# [SOURCE MATERIAL]
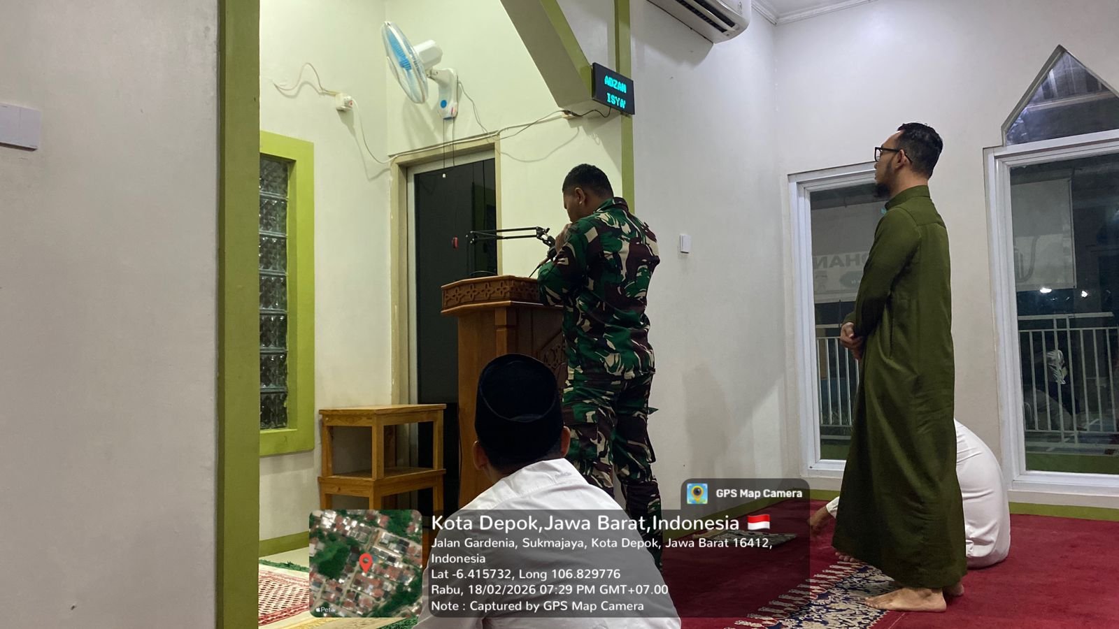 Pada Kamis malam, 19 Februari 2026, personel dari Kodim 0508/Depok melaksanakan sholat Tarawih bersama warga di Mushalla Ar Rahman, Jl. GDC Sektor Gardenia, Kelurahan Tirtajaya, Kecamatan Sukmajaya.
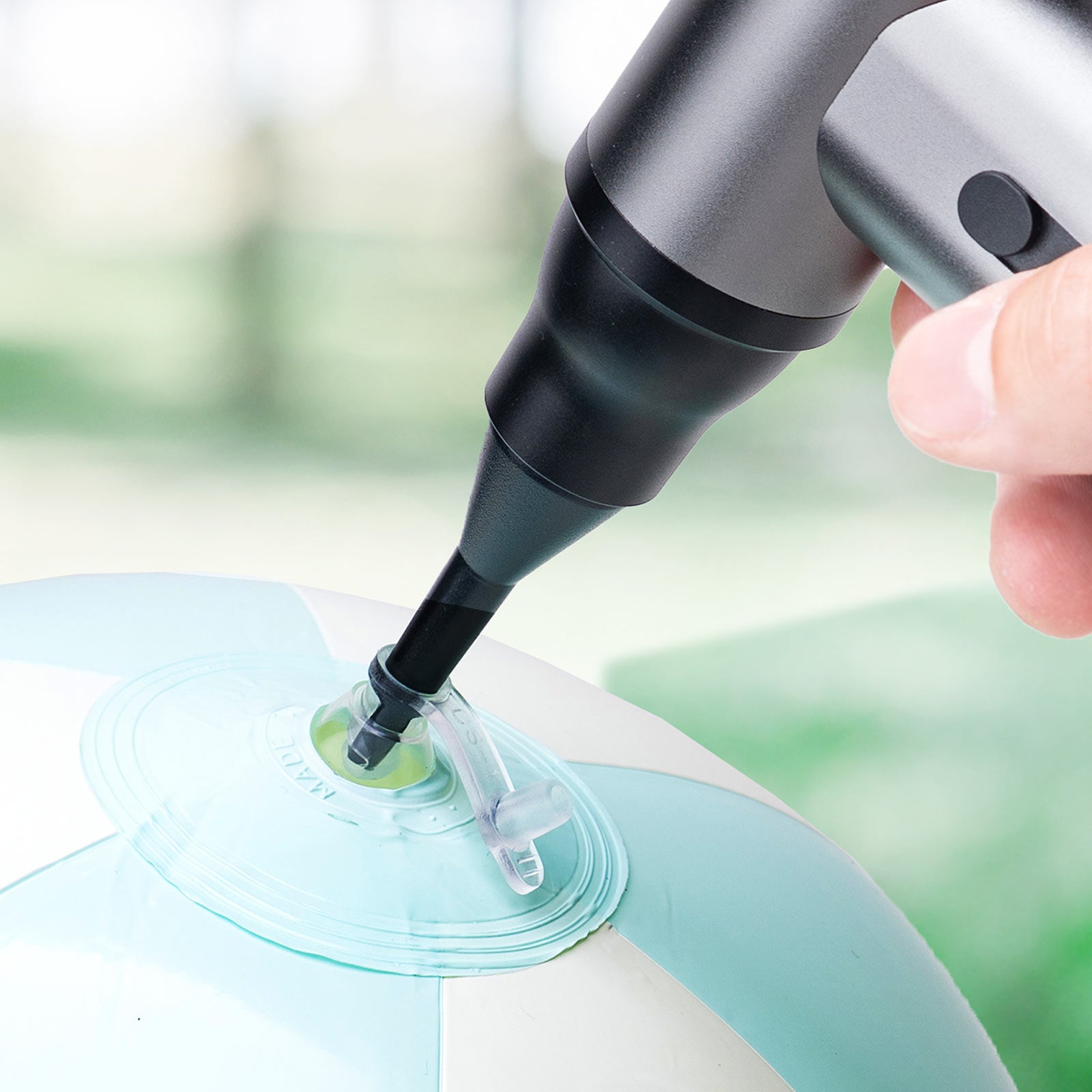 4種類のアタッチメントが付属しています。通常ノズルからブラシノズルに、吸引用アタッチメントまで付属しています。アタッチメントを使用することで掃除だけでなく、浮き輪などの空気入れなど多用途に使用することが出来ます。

==

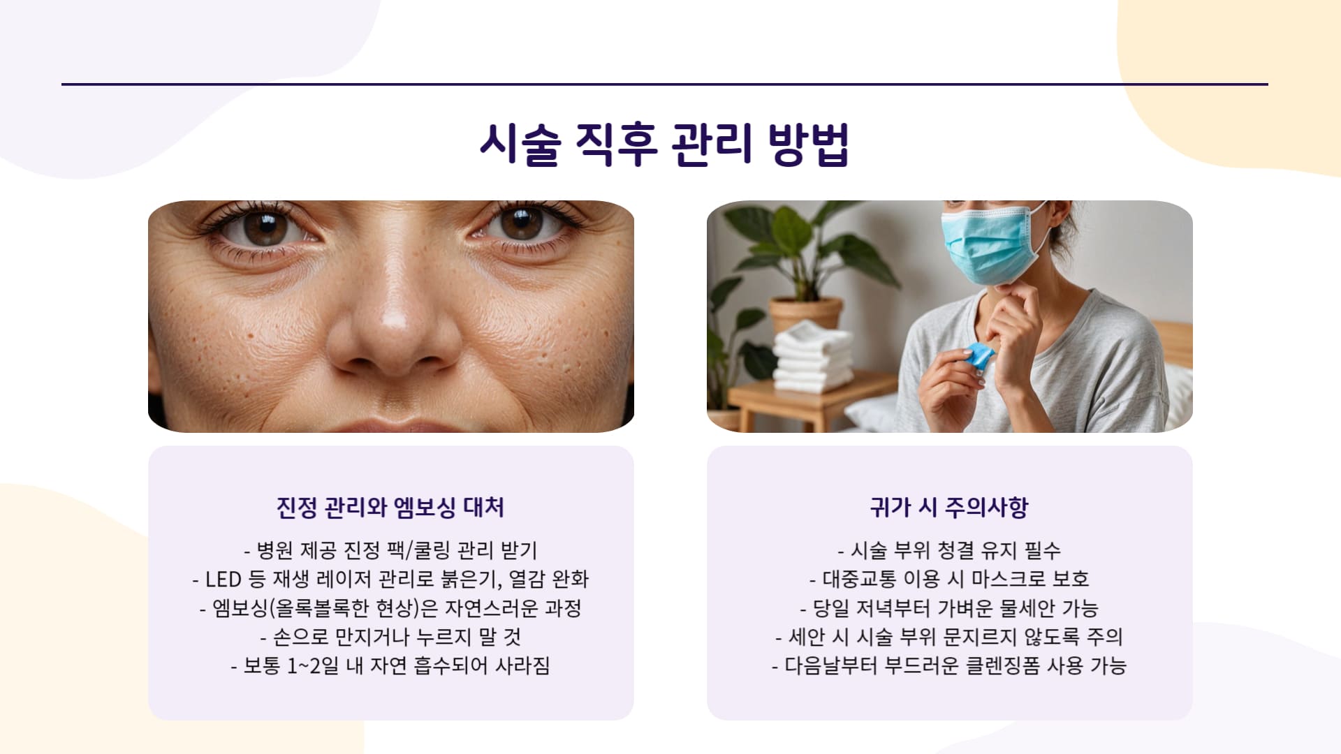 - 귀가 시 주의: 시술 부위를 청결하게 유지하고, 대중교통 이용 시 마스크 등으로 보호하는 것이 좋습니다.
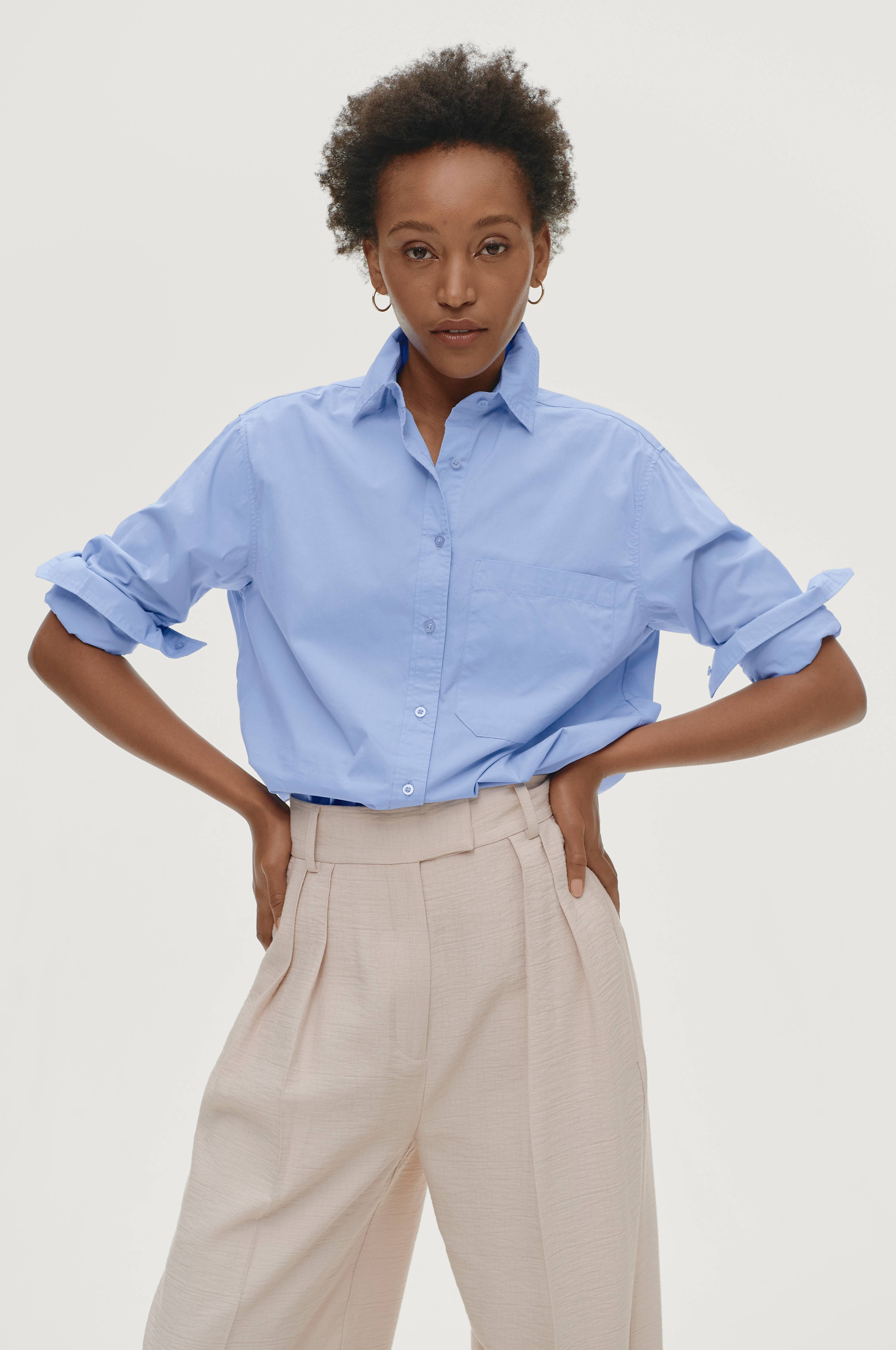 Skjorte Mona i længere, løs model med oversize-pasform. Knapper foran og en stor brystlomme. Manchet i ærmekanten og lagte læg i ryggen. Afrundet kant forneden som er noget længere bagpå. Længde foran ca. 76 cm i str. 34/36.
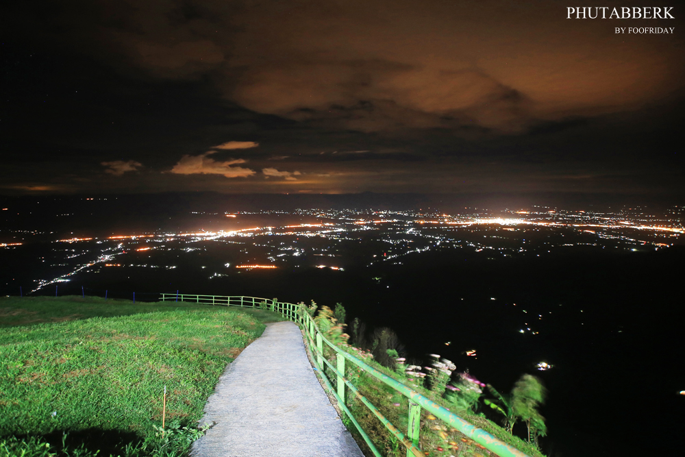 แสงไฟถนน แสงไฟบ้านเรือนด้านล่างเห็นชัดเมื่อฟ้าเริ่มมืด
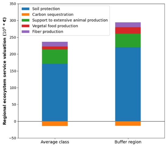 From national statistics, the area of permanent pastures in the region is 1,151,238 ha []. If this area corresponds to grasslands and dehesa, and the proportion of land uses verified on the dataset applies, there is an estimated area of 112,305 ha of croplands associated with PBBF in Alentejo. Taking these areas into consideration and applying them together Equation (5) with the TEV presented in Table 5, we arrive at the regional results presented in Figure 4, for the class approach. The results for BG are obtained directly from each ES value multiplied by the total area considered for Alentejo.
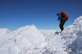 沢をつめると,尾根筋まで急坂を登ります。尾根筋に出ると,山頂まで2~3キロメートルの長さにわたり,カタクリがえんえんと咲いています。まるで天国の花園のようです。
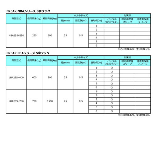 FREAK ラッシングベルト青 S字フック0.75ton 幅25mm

# [EXERCISE PROMPT]
When you reach the line that has "Pada Kamis malam, 19" in the data above, start repeating lines exactly, and stop after the line that has "4種類のアタッチメントが付属"; pictures stay out.

# [WRITTEN RESPONSE]
 Pada Kamis malam, 19 Februari 2026, personel dari Kodim 0508/Depok melaksanakan sholat Tarawih bersama warga di Mushalla Ar Rahman, Jl. GDC Sektor Gardenia, Kelurahan Tirtajaya, Kecamatan Sukmajaya.
 4種類のアタッチメントが付属しています。通常ノズルからブラシノズルに、吸引用アタッチメントまで付属しています。アタッチメントを使用することで掃除だけでなく、浮き輪などの空気入れなど多用途に使用することが出来ます。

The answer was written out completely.